START INPUT FOR THIS TASK

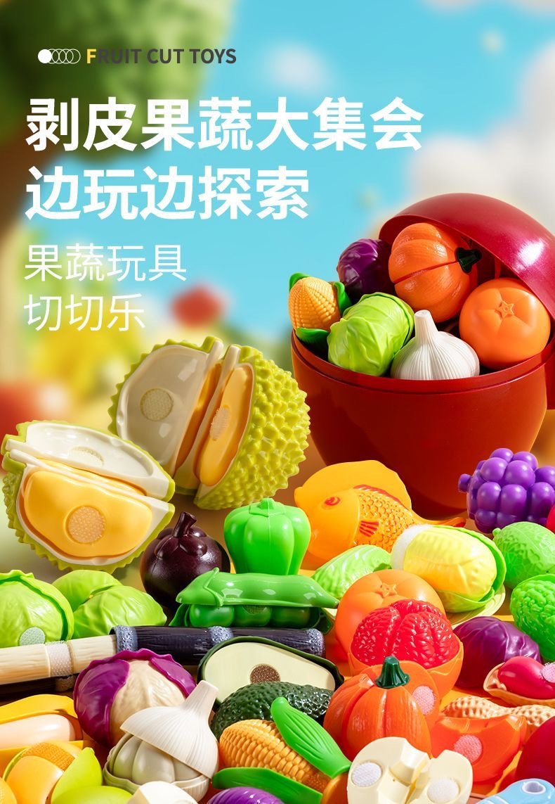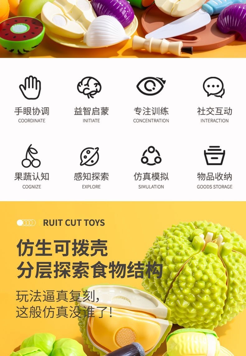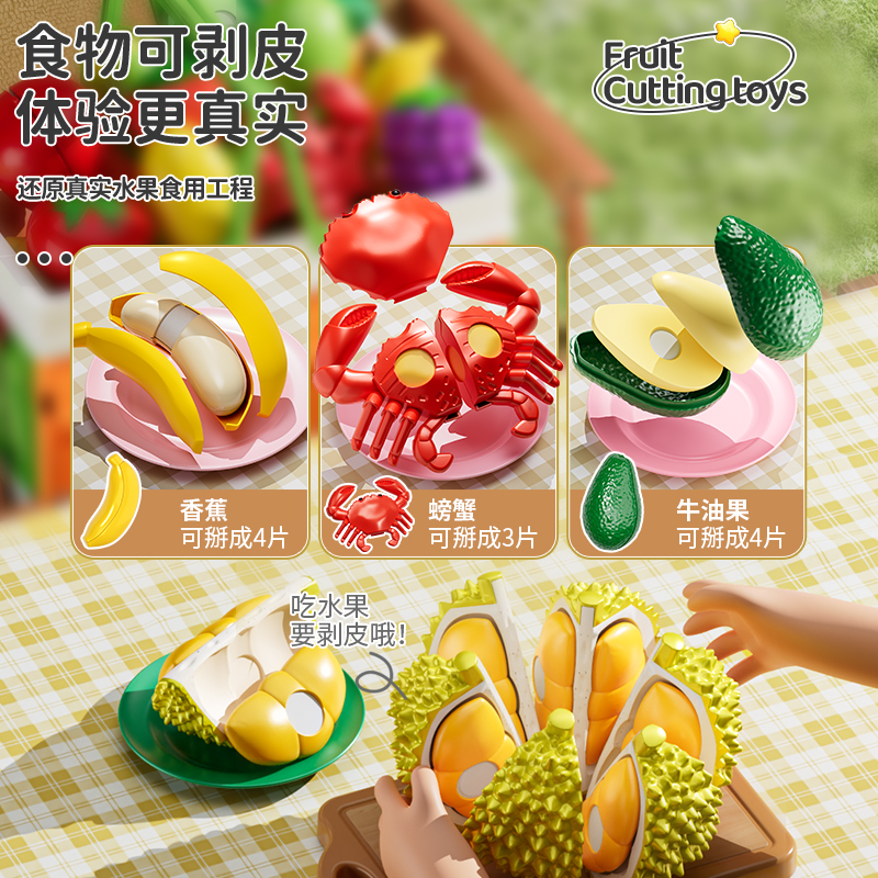 儿童水果切切乐玩具仿真蔬菜小孩可剥皮可啃咬果蔬榴莲女孩过家家
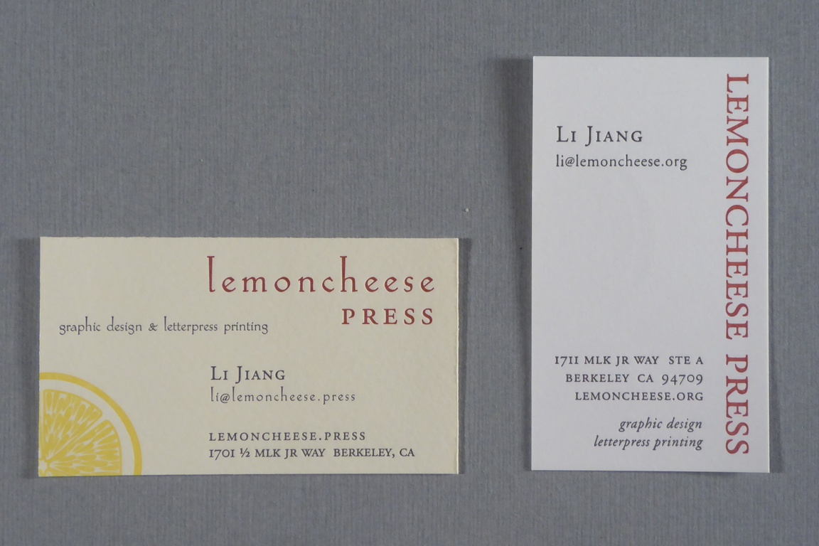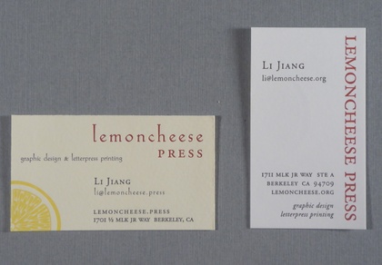 Lemoncheese Press is a letterpress and design studio based in Berkeley, California where Li Jiang designs, prints and binds custom letterpress ephemera, invitations, stationery and books. After earning a Bachelors Degree in Graphic Design Li fell in love with the hands on and tactile aspects of letterpress printing process and has been printing for the past 15 years.
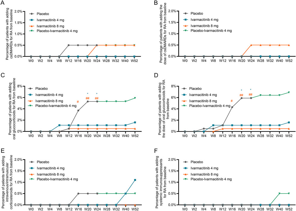 Figure 2. Accumulating incidence of adding/escalating csDMARDs, oral glucocorticoids, and intravenous/intramuscular corticosteroids from W0 to W52. Accumulating incidence of adding csDMARDs (A) and escalating csDMARDs (B). Accumulating incidence of adding oral glucocorticoids (C) and escalating oral glucocorticoids (D). Accumulating incidence of adding intravenous/intramuscular corticosteroids (E) and escalating intravenous/intramuscular corticosteroids (F). *: P < 0.05 in ivarmacitinib 4 mg group compared with the placebo group; #: P < 0.05, ##: P < 0.01 in ivarmacitinib 8 mg group compared with the placebo group.
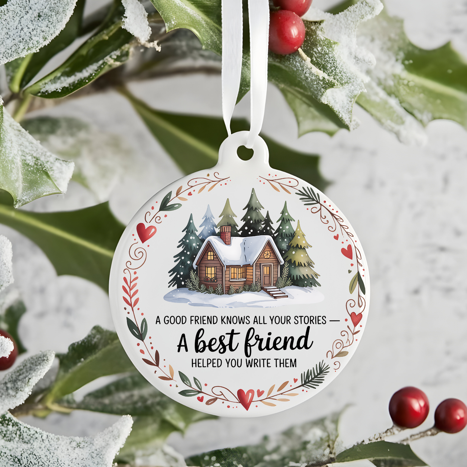 Celebrate the magic of friendship this holiday season with our Best Friend Ornament, featuring a cozy snow-covered cabin nestled in a pine forest, surrounded by hearts and rustic winter florals. The heartfelt message reads: “A good friend knows all your stories – A best friend helped you write them.” It’s a meaningful reminder of memories shared and laughter echoed.
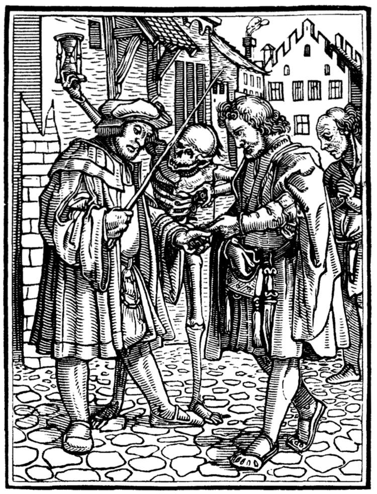Death comes upon the lawyer in the street while he is being paid by a rich client.
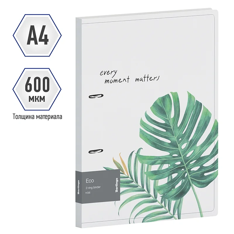 Папка на 2-х D-кольцах Berlingo серии Eco формата А4 - стильный аксессуар для офиса и учёбы с рисунком на белом фоне. Изготовлена из высококачественного полипропилена с матовой текстурой поверхности 'песок', на которой не видно отпечатков пальцев и мелких царапин. Внутренняя поверхность имеет белый цвет. Толщина обложки - 600 мкм. Ширина корешка составляет 24 мм. Специальная D-форма колец диаметром 20 мм помогает удобно и ровно хранить документы, которые могут быть выровнены по левому краю, благодаря боковой вертикальной стенке кольца. Вместимость папки – 150 листов. Специальные формовые отверстия в обложке служат для надежного защелкивания папки в сложенном виде, предотвращают случайное открытие обложки и замятие документов внутри при хранении и транспортировке. На внутренней стороне обложки папка оснащена плотным прозрачным карманом для удобного хранения мелочей: ручки, заметок, визиток, дисков, флешек и др. Размер папки составляет 310*233*24 мм. Упакована в индивидуальный прозрачный пакет по форме.
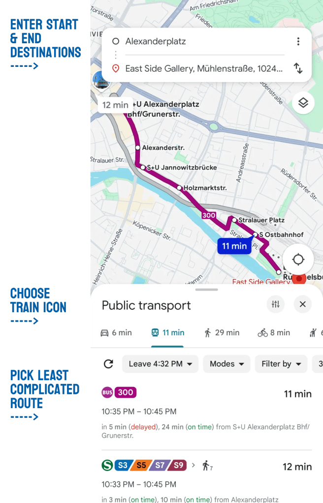 Google Maps (or Apple Maps) is a lifesaver when it comes to figuring out how to get around. Just tap the train icon instead of the car or walking icon, and you’ll see your transit options using U-Bahn, S-Bahn, or trams. I usually chose the route with the fewest transfers—as long as the wait wasn’t too long.
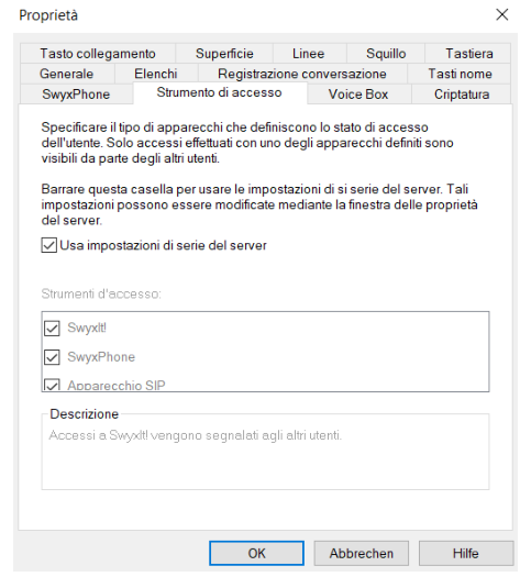 1.4 Segnalazione dello stato. Se un utente è connesso allo SwyxServer con diversi terminali, qui si può definire quale di essi segnalerà lo stato dell'utente.
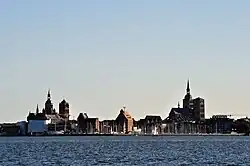 Stralsund (German pronunciation: [ˈʃtʁaːlzʊnt] ⓘ; Swedish: Strålsund),[3] officially the Hanseatic City of Stralsund (German: Hansestadt Stralsund), is the fifth-largest city in the northeastern German federal state of Mecklenburg-Western Pomerania after Rostock, Schwerin, Neubrandenburg and Greifswald, and the second-largest city in the Pomeranian part of the state. It is located on the southern coast of the Strelasund, a sound of the Baltic Sea separating the island of Rügen from the Pomeranian mainland.[4]
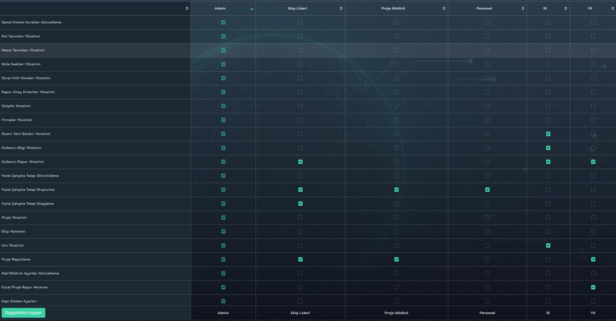 Sistemde sınırsız sayıda rol oluşturabilir, her role özel yetkiler atayabilirsiniz. Böylece sadece yetkilendirilmiş kullanıcılar belirli verilere veya sayfalara erişebilir.
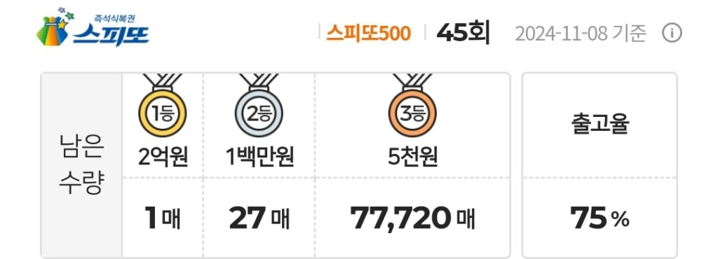 스피또500 복권 45회 남은수량 1등 1매(총 3매 중), 2등 27매(총 60매 중), 3등 77,720매(총 180,000매 중)가 남아 있습니다. 출고율(판매점 입고율)은 75%입니다. 출고율의 의미와 당첨확률을 높이는 방법은 스피또 당첨확율을 높이는 방법은? 구입전에 출고율과 남은 수량을 확인은 필수! 포스팅을 참고하세요.
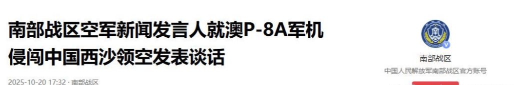 2025年10月19日,澳大利亚的P-8A军机未经中国政府批准,擅自进入了西沙领空。对此,中国南部战区迅速做出了反应,组织海空力量跟踪监视,并依法实施警告与驱离。这已不是第一次澳大利亚挑战中国的底线,自2022年起,澳大利亚的P-8A就多次在南海进行所谓“侦察”行动,均遭到中国军方的严厉反制。显然,这不仅是一场空中的交锋,更是双方在地缘政治上的较量。

END INPUT FOR THIS TASK

PROBLEM TO SOLVE. The entries above are to be printed again word for word, with every picture removed.

ANSWER TO THE EXERCISE.
 儿童水果切切乐玩具仿真蔬菜小孩可剥皮可啃咬果蔬榴莲女孩过家家
 Lemoncheese Press is a letterpress and design studio based in Berkeley, California where Li Jiang designs, prints and binds custom letterpress ephemera, invitations, stationery and books. After earning a Bachelors Degree in Graphic Design Li fell in love with the hands on and tactile aspects of letterpress printing process and has been printing for the past 15 years.
 Figure 2. Accumulating incidence of adding/escalating csDMARDs, oral glucocorticoids, and intravenous/intramuscular corticosteroids from W0 to W52. Accumulating incidence of adding csDMARDs (A) and escalating csDMARDs (B). Accumulating incidence of adding oral glucocorticoids (C) and escalating oral glucocorticoids (D). Accumulating incidence of adding intravenous/intramuscular corticosteroids (E) and escalating intravenous/intramuscular corticosteroids (F). *: P < 0.05 in ivarmacitinib 4 mg group compared with the placebo group; #: P < 0.05, ##: P < 0.01 in ivarmacitinib 8 mg group compared with the placebo group.
 Celebrate the magic of friendship this holiday season with our Best Friend Ornament, featuring a cozy snow-covered cabin nestled in a pine forest, surrounded by hearts and rustic winter florals. The heartfelt message reads: “A good friend knows all your stories – A best friend helped you write them.” It’s a meaningful reminder of memories shared and laughter echoed.
Death comes upon the lawyer in the street while he is being paid by a rich client.
 Папка на 2-х D-кольцах Berlingo серии Eco формата А4 - стильный аксессуар для офиса и учёбы с рисунком на белом фоне. Изготовлена из высококачественного полипропилена с матовой текстурой поверхности 'песок', на которой не видно отпечатков пальцев и мелких царапин. Внутренняя поверхность имеет белый цвет. Толщина обложки - 600 мкм. Ширина корешка составляет 24 мм. Специальная D-форма колец диаметром 20 мм помогает удобно и ровно хранить документы, которые могут быть выровнены по левому краю, благодаря боковой вертикальной стенке кольца. Вместимость папки – 150 листов. Специальные формовые отверстия в обложке служат для надежного защелкивания папки в сложенном виде, предотвращают случайное открытие обложки и замятие документов внутри при хранении и транспортировке. На внутренней стороне обложки папка оснащена плотным прозрачным карманом для удобного хранения мелочей: ручки, заметок, визиток, дисков, флешек и др. Размер папки составляет 310*233*24 мм. Упакована в индивидуальный прозрачный пакет по форме.
 Google Maps (or Apple Maps) is a lifesaver when it comes to figuring out how to get around. Just tap the train icon instead of the car or walking icon, and you’ll see your transit options using U-Bahn, S-Bahn, or trams. I usually chose the route with the fewest transfers—as long as the wait wasn’t too long.
 1.4 Segnalazione dello stato. Se un utente è connesso allo SwyxServer con diversi terminali, qui si può definire quale di essi segnalerà lo stato dell'utente.
 Stralsund (German pronunciation: [ˈʃtʁaːlzʊnt] ⓘ; Swedish: Strålsund),[3] officially the Hanseatic City of Stralsund (German: Hansestadt Stralsund), is the fifth-largest city in the northeastern German federal state of Mecklenburg-Western Pomerania after Rostock, Schwerin, Neubrandenburg and Greifswald, and the second-largest city in the Pomeranian part of the state. It is located on the southern coast of the Strelasund, a sound of the Baltic Sea separating the island of Rügen from the Pomeranian mainland.[4]
 Sistemde sınırsız sayıda rol oluşturabilir, her role özel yetkiler atayabilirsiniz. Böylece sadece yetkilendirilmiş kullanıcılar belirli verilere veya sayfalara erişebilir.
 스피또500 복권 45회 남은수량 1등 1매(총 3매 중), 2등 27매(총 60매 중), 3등 77,720매(총 180,000매 중)가 남아 있습니다. 출고율(판매점 입고율)은 75%입니다. 출고율의 의미와 당첨확률을 높이는 방법은 스피또 당첨확율을 높이는 방법은? 구입전에 출고율과 남은 수량을 확인은 필수! 포스팅을 참고하세요.
 2025年10月19日,澳大利亚的P-8A军机未经中国政府批准,擅自进入了西沙领空。对此,中国南部战区迅速做出了反应,组织海空力量跟踪监视,并依法实施警告与驱离。这已不是第一次澳大利亚挑战中国的底线,自2022年起,澳大利亚的P-8A就多次在南海进行所谓“侦察”行动,均遭到中国军方的严厉反制。显然,这不仅是一场空中的交锋,更是双方在地缘政治上的较量。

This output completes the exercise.